For some it is more a matter of wanting to be seen, whereas for others it is a matter of wanting to be heard. There are usually bits of both.

My own feeling is that our knowledge of the vastness of the universe and our knowledge of the rapidly growing number of people on the planet gives us more and more of a feeling that we are just insignificant specks in a world where the word million is becoming less and less capable of describing our understanding of reality. Something in our human instincts rebels against being just another bee in the swarm. We want to rise above the masses, to stand out as being different in some way.

What is most important to me with regard to the whole phenomenon of fame is whether our means and motives are ethically legitimate. As a community, we Jesus Christians have achieved fame that far exceeds our numbers. From our earliest years, the media picked up that we had deliberately set out to use them. Unfortunately, even those who work in the media for a living often entertain contradictory beliefs with regard to fame. They daily exploit people's desire for fame at the same time that they cling to and propagate the feeling that there is something sick about people being 'publicity seekers'.

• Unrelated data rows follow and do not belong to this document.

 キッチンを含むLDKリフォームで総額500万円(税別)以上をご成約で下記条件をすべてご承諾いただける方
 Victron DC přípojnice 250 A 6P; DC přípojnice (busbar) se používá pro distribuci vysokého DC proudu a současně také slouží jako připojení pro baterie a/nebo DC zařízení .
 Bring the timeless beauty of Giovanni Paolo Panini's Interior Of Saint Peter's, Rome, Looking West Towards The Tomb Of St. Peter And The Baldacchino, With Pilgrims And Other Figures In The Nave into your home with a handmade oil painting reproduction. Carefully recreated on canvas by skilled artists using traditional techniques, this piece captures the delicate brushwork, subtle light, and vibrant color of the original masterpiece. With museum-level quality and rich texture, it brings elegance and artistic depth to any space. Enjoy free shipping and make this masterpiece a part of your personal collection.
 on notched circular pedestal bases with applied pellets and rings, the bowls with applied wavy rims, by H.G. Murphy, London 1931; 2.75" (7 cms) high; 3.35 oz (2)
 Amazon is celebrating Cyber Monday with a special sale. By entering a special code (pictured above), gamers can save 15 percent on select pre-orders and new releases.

Certainly some of the people listed in The Guiness Book of Records are, in the minds of most of us, a bit weird, if not 'sick'. But it still intrigues us, for example, to hear about how a man could cut a bicycle up into enough bite-sized pieces to swallow them each and let them pass through his intestines. Their achievements entertain us and may even lead us to think more deeply about things like what we are saying in this article.

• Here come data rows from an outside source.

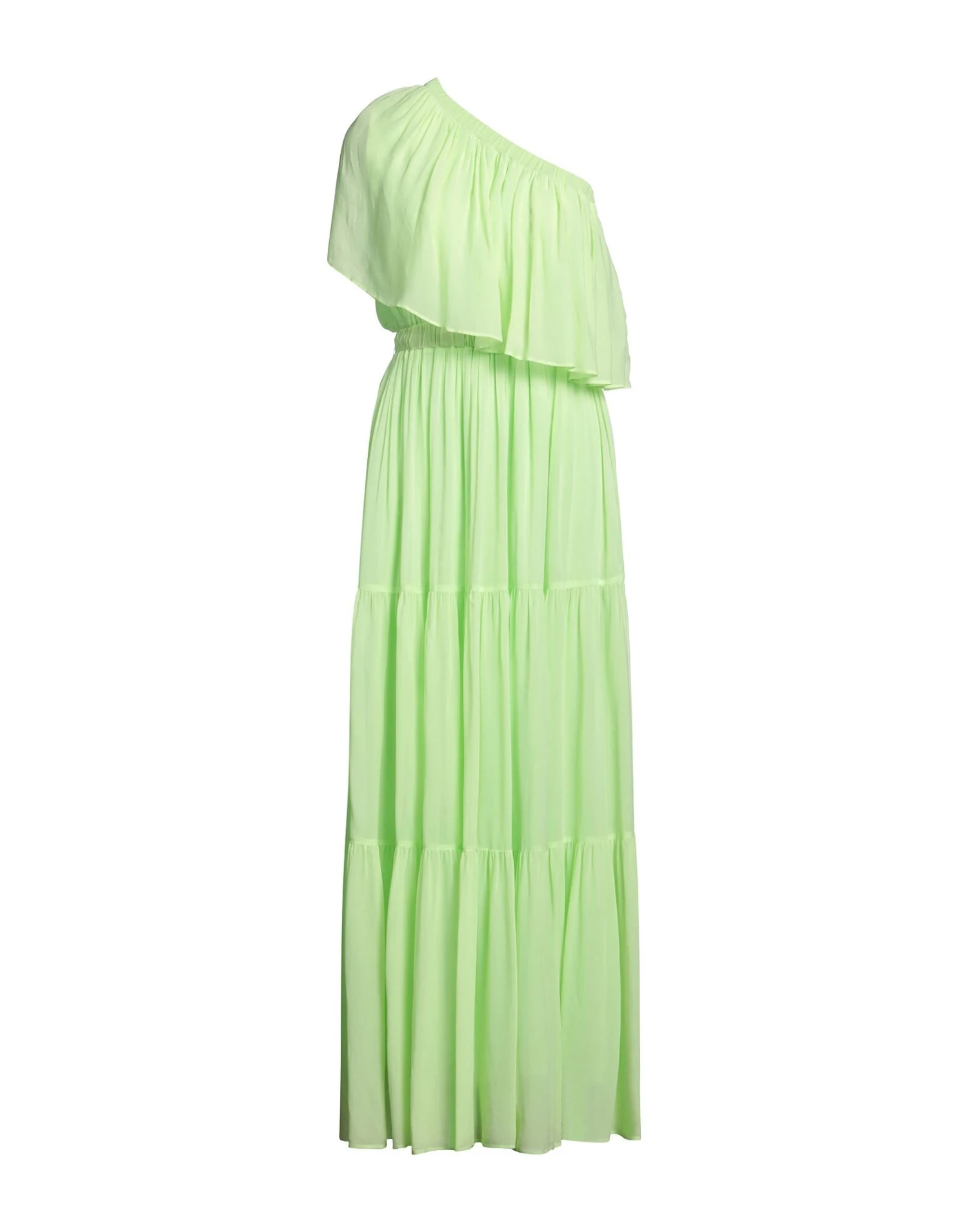 crêpe, arricciature, tinta unita, collo ampio, monospalla, interno foderato, senza tasche, modello stile impero
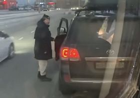 По словам очевидцев, хозяин внедорожника мешал проезду автобуса и пытался устроить драку
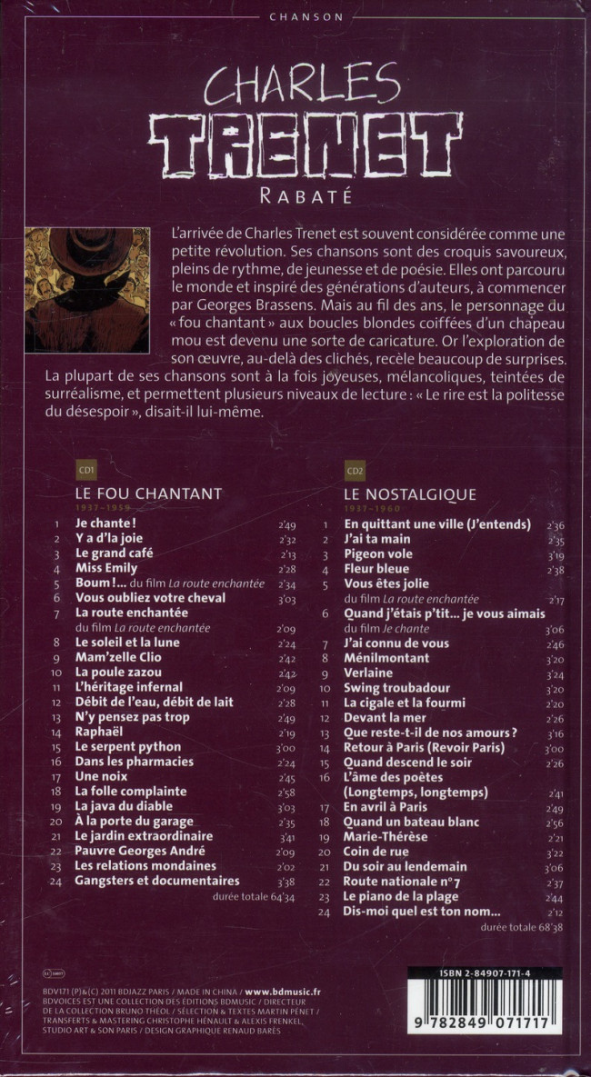 Même s'il l'a abondamment cultivé, Charles Trenet reconnaissait que son personnage de "fou chantant" aux boucles blondes coiffées d'un chapeau mou était une caricature. Au-delà des clichés, l'exploration de l'oeuvre de Trenet est passionnante car pleine de surprises : on se rend compte que la plupart de ses chansons, à la fois joyeuses et mélancoliques, ont plusieurs niveaux de lecture. "Le rire étant la politesse du désespoir", comme il le disait lui-même...
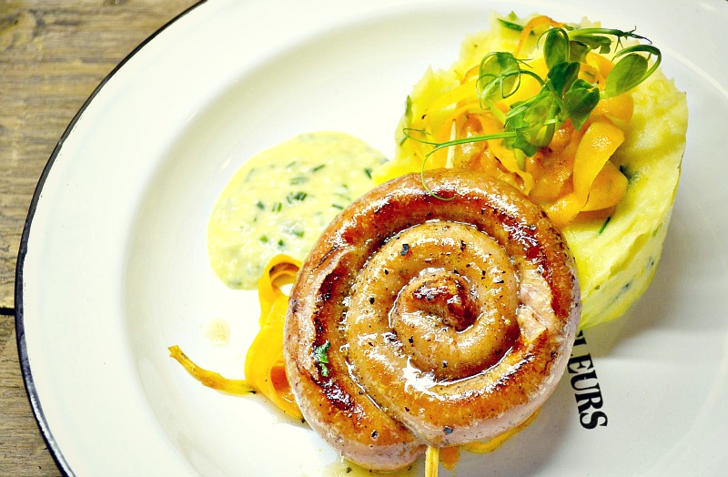 Z klobásy stočte 4 pevné šneky a propíchněte špejlí. Na troše másla na střední plamen po obou stranách nechte na pánvi zezlátnout, tzn. tak 3 minuty po každé straně max. Teplotu hlídejte, ať klobáska moc neprská nebo nezačne praskat střívko, kdyžtak ztlumte. Pak přemístěte na pečící papír na pekáčku, opepřete a dejte do trouby na 170°C na asi 20 minut dotáhnout. Vypečenou šťávou pak klobásky na talíři polijte.
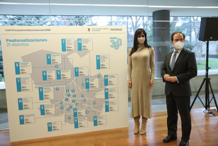 Madrid cambiará su fisonomía desde este mes para convertir 203.440 m2 en espacio cero emisiones de manera definitiva, una superficie equivalente a 18 veces la Puerta del Sol (10.900 m2). Esta transformación será posible gracias a la conversión de 10 kilómetros lineales de calzada, por donde actualmente circulan vehículos, en tramos peatonales. La vicealcaldesa de Madrid, Begoña Villacís, junto al delegado de Medio Ambiente y Movilidad, Borja Carabante, y la delegada del Área de Obras y Equipamientos, Paloma García Romero, ha presentado esta mañana, en los Jardines de Cecilio Rodríguez, las 21 peatonalizaciones que se llevarán a cabo progresivamente desde diciembre y hasta principios de año y que afectan a 48 tramos de los 21 distritos de la capital. Estas actuaciones eliminarán de todas estas zonas 14,6 millones de vehículos anuales, 40.000 vehículos al día.
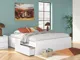 - Includes platform bed panels, platform rails, roll slats and 2 side storage drawers
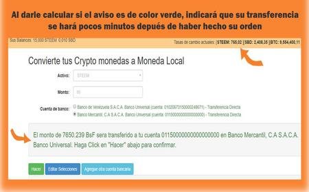 Si al darle click en calcular ve un aviso de color verde, quiere decir que se le hará la transferencia solicitada en los próximos minutos después de recibir su orden. También podrá ver el monto que recibirá el cual es calculado según la tasa en nuestra plataforma para ese momento. Nuestras tasas son automáticas por lo que siempre están variando. Sólo necesita darle click en Hacer y listo, ya habrá puesto su orden de cambio.
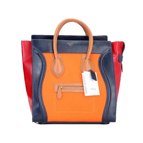 Celine Luggage Large Tote in kalfsleer blauw/canvas oranje
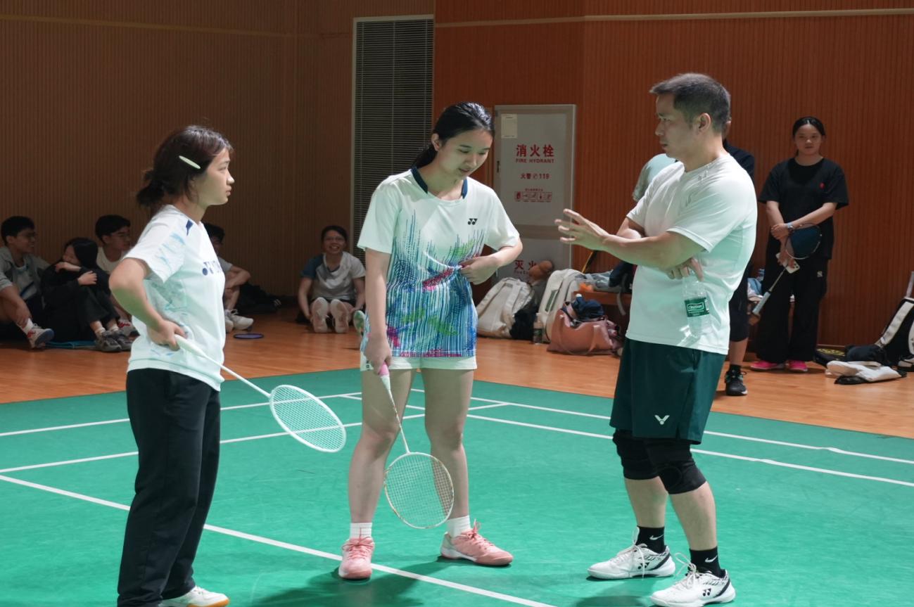 本次比赛共四支参赛队伍,项目涵盖混合双打、女子双打与男子双打,由师生搭档组队。下午两点,比赛正式开始。经抽签确定对阵后,初赛每局进行五轮激烈角逐,最终决出晋级决赛的队伍。赛场上,每支队伍从赛前默契的配合,到场上奋力拼杀、每球必争,始终沉浸在紧张而热烈的氛围中。精彩的球技引得观众席上喝彩不断。
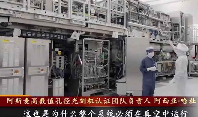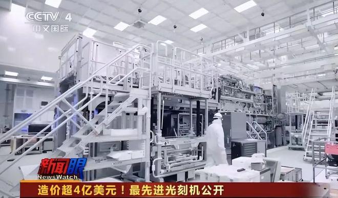 镜头聚焦在一台庞然大物上,乍一看,还以为是什么火箭发射装置,原来这就是当今世界最先进的光刻机——High-NA EUV极紫外光刻机。
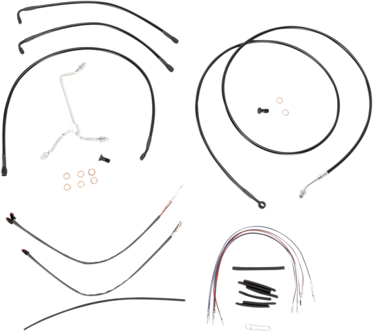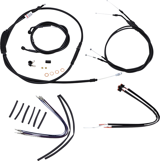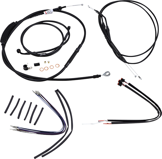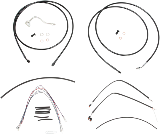 Control Kit - 15" Ape Hanger Handlebars - ABS Complete Black Vinyl Handlebar Cable/Line Kit for Ape Hanger Handlebars Complete installation kit for Burly Ape hangers Kit includes extended brake line (unless noted), extended clutch cable/clutch...Regular price $333.95 -
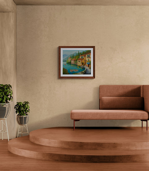 The painting beautifully captures a tranquil lakeside scene with quaint houses, serene waters, and lush greenery under a soft mountain backdrop.

But is such a person any more sick than an athlete who endangers his or her health by taking steroids to achieve success in his or her sport? Is it just the money that can be made through it that labels people who dedicate their whole lives to putting a ball in a hole on a golf course as being less sick than someone who has learned to put twelve golf balls into their mouth at one time? It's something to think about.

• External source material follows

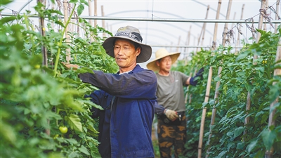 在海南农垦南繁番茄标准化种植示范基地,农户为番茄修枝。
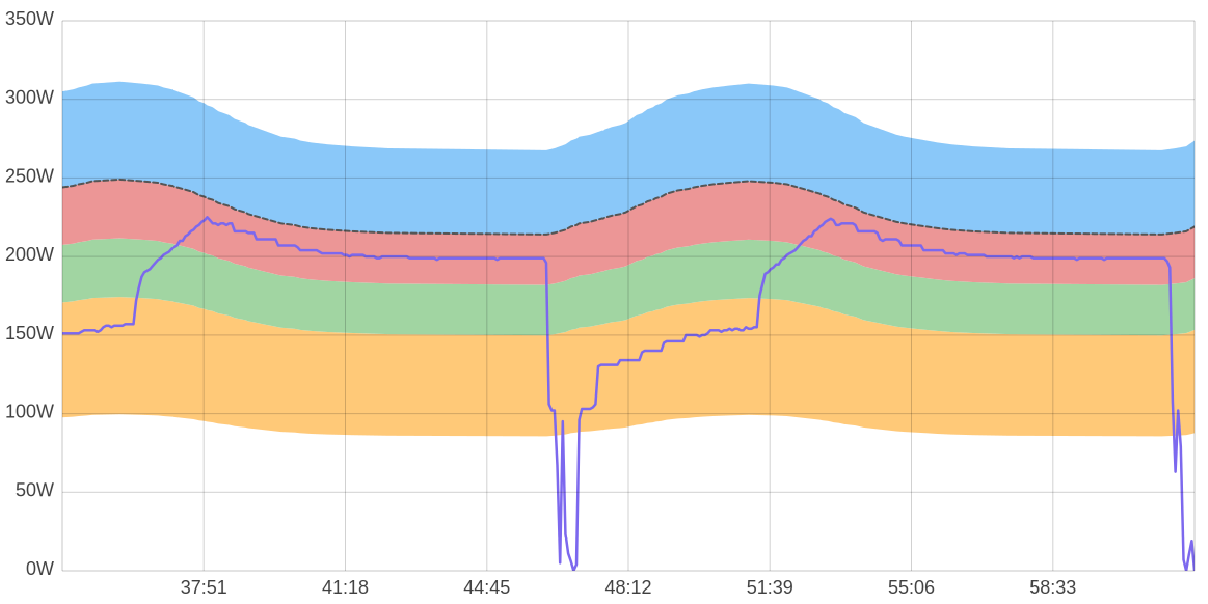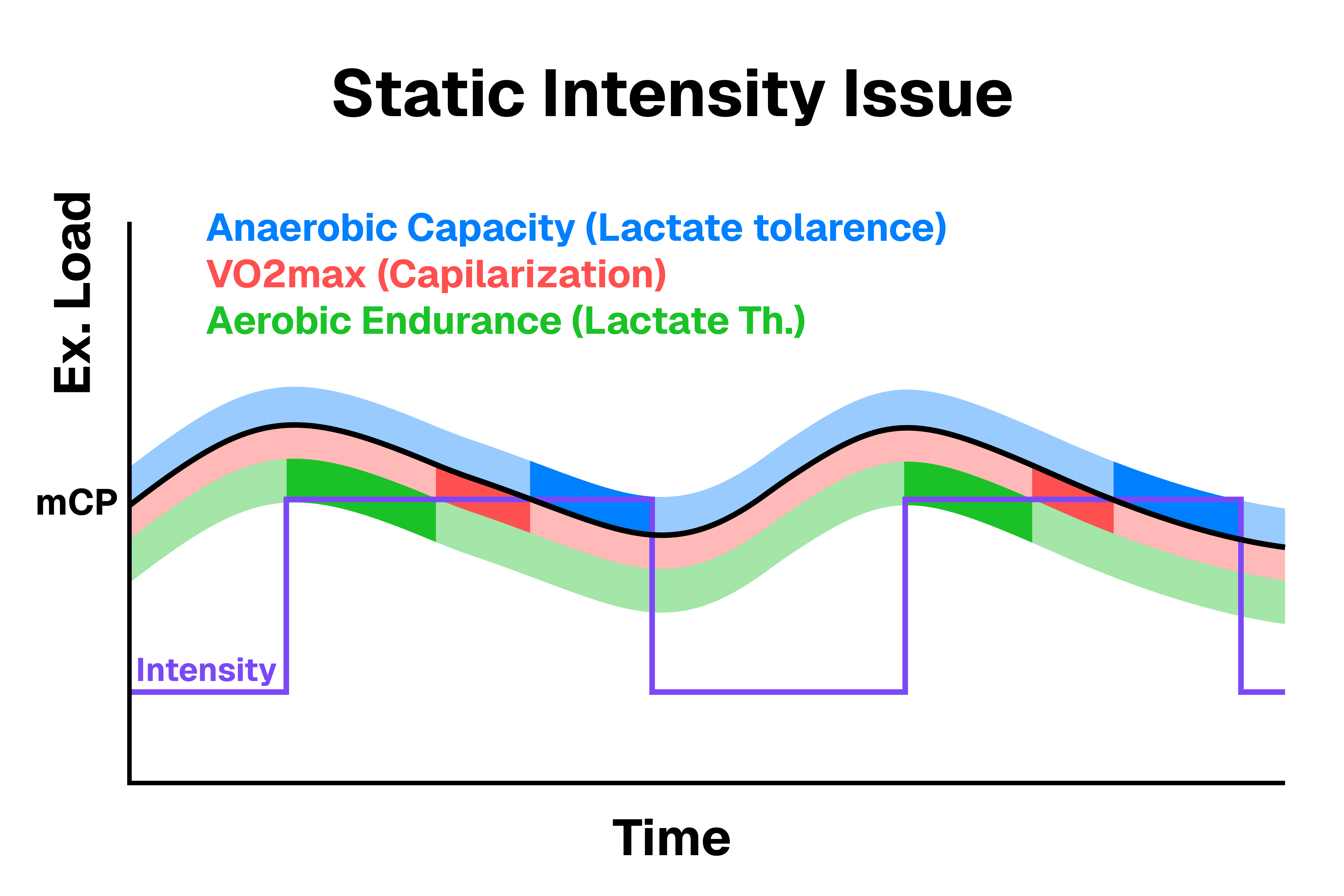 At a static load, intervals gradually feel harder over time — because fatigue is shifting your zone boundaries. As it builds, a constant intensity drifts across multiple zones, and only a fraction of the interval is spent in the actual target zone.

For ourselves, the best reason for seeking fame should be to use it to educate and help others, especially when done in obedience to leadings from God. But there are some times when God asks us to actively steer away from fame.

Jesus instructed his followers to do some things secretly: praying, fasting, and helping the poor. For him, it was 'sick' for people to do these things for the sake of publicity, even if the publicity was nothing more than others in your church thinking well of you.

But then there were his instructions to go into all the world and preach the gospel, to let our light shine, like a 'city on a hill that cannot be hid', and to go out into the highways and byways and compel people to 'come'. All of this implies some kind of an appeal to the masses.

Bible prophecy aims at getting people to see that we are not meaningless specks in the universe, that there is a plan and that we can become a part of that plan. One of the strongest points being made in the prophecies of Daniel and The Revelation is that eternal fame is not going to be found through political activity; it is going to come, instead, from 'the Lamb that was slain'. This phrase is an allusion to the humble, loving life of Jesus, who is arguably the most famous person who has ever lived. Jesus achieved fame through the notoriety of being executed as a criminal. And he calls on us to take up our cross and follow him.

We believe that fame must become a channel through which we point people to God and to Jesus. The Lord's Prayer begins, "Our father which art in heaven, hallowed be thy name..." and it ends, "...thine is the kingdom and the power and the glory forever. Amen." I long for the world to show God the respect and love that he deserves, and I desire that all of my efforts might ultimately bring glory (fame?) to Him.

We have, over the years, done many things which have excited the imagination of the media, from walking across the Nullarbor without food or water, to donating kidneys on a grand scale. But I believe that the publication of Survivors represents for most of us our single greatest achievment, simply because we get so many letters from people (A high percentage of them admit that they had previously been atheists.) saying that it has deeply changed their lives and increased their faith in God.